Step 3: Predicting test set data using training set
y_pred = predict(classifier, newdata = test_set[-7])
#y_predStep 4: Model Evaluation by checking accuracy using a confusion matrix
cm <- table(test_set$left,y_pred)
misClassError<-mean(test_set$left!=y_pred)
#print(paste('Accuracy=',1-misClassError))
library(caret)
confusionMatrix(cm)## Confusion Matrix and Statistics
##
## y_pred
## 0 1
## 0 3424 5
## 1 28 1043
##
## Accuracy : 0.9927
## 95% CI : (0.9897, 0.9949)
## No Information Rate : 0.7671
## P-Value [Acc > NIR] : < 2.2e-16
##
## Kappa : 0.9796
##
## Mcnemar's Test P-Value : 0.0001283
##
## Sensitivity : 0.9919
## Specificity : 0.9952
## Pos Pred Value : 0.9985
## Neg Pred Value : 0.9739
## Prevalence : 0.7671
## Detection Rate : 0.7609
## Detection Prevalence : 0.7620
## Balanced Accuracy : 0.9936
##
## 'Positive' Class : 0
## The information I gather from the confusion matrix is; a high degree of accuracy and a general high score in sensitivity and specificity, which is indeed a good model. Doing a quick comparison with decision tree model you realise that there is an improvement with this Random Forest model.
plot(classifier)
The above plot on the classifier illustrate the number of trees that best optimise the model. By growing the trees more and more you understand from the figure if my error decreases or not. If it were still decreasing I would probably go and change, ntree, from my classifier to accomadate this calculation. It is not decreasing further infact it decreased until at some point in 30 trees and there was no improvements by growing more trees.
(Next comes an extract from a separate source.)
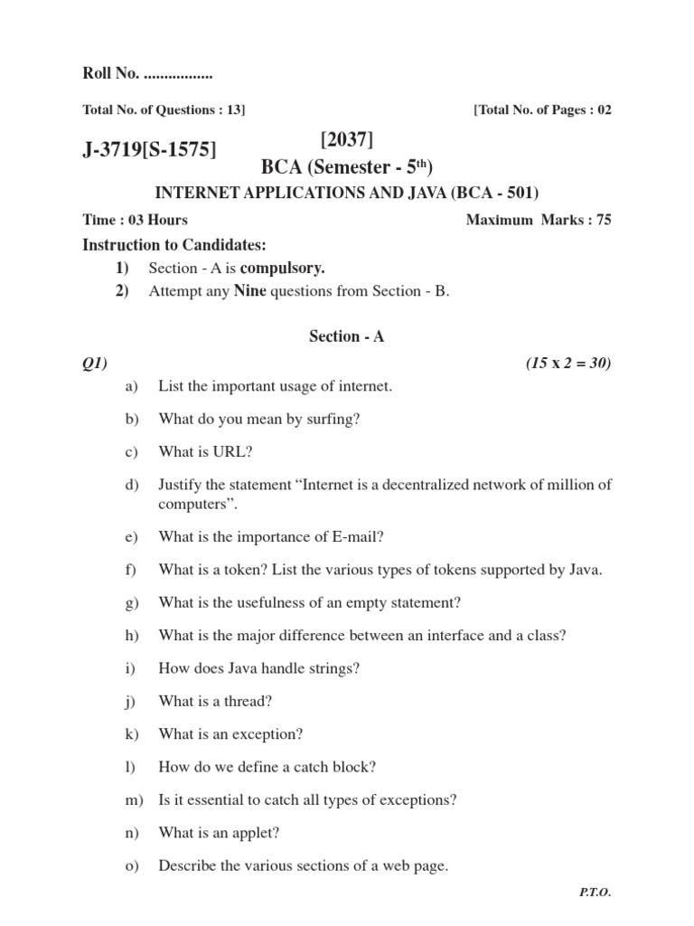 Gndu BCA 5th Semester Java Programming Language Question Paper || BCA ...
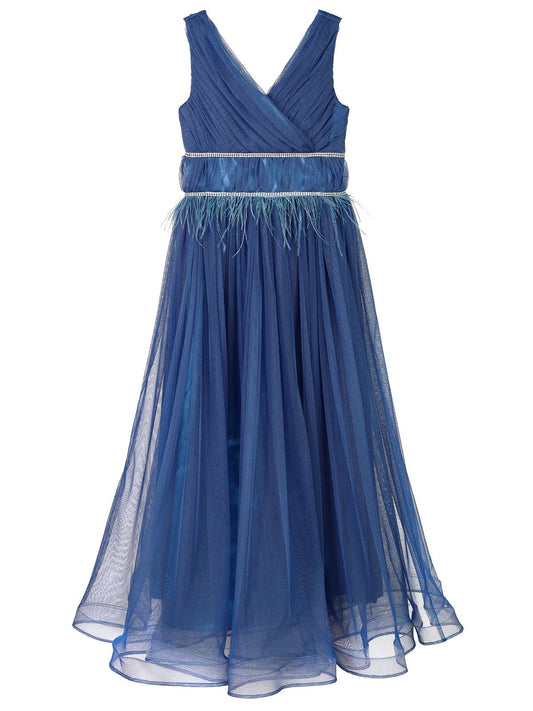 Civil girls beli taşlı tüylü 6-14 yaş abiye - mavi

importance(classifier)## MeanDecreaseGini
## satisfaction_level 1311.316790
## last_evaluation 450.771887
## number_project 639.670532
## average_montly_hours 562.505808
## time_spend_company 699.796376
## Work_accident 21.226730
## promotion_last_5years 3.825953
## department 66.347186
## salary 30.727622varImpPlot(classifier)
CONCLUSION
The best thing about Random Forest, it has an inbuilt variable importance function, varImpPlot. In earlier models we used to check on p-value but in Random Forest, it is a diagnostic tool to explain the WHY in a problem statement. The most important variable in the analysis is displayed in the plot sequentially to illustrate the significance of each individual attribute.
By looking at the plot you understand why this happened. For instance, why is the organization experiencing staff turnover; you realise that the satisfaction level in this organisation plays a major role with this churn problem. Time spent, number of projects, and average monthly hours put in by the employees comes below respectively. Salary comes a distant 7th in the list.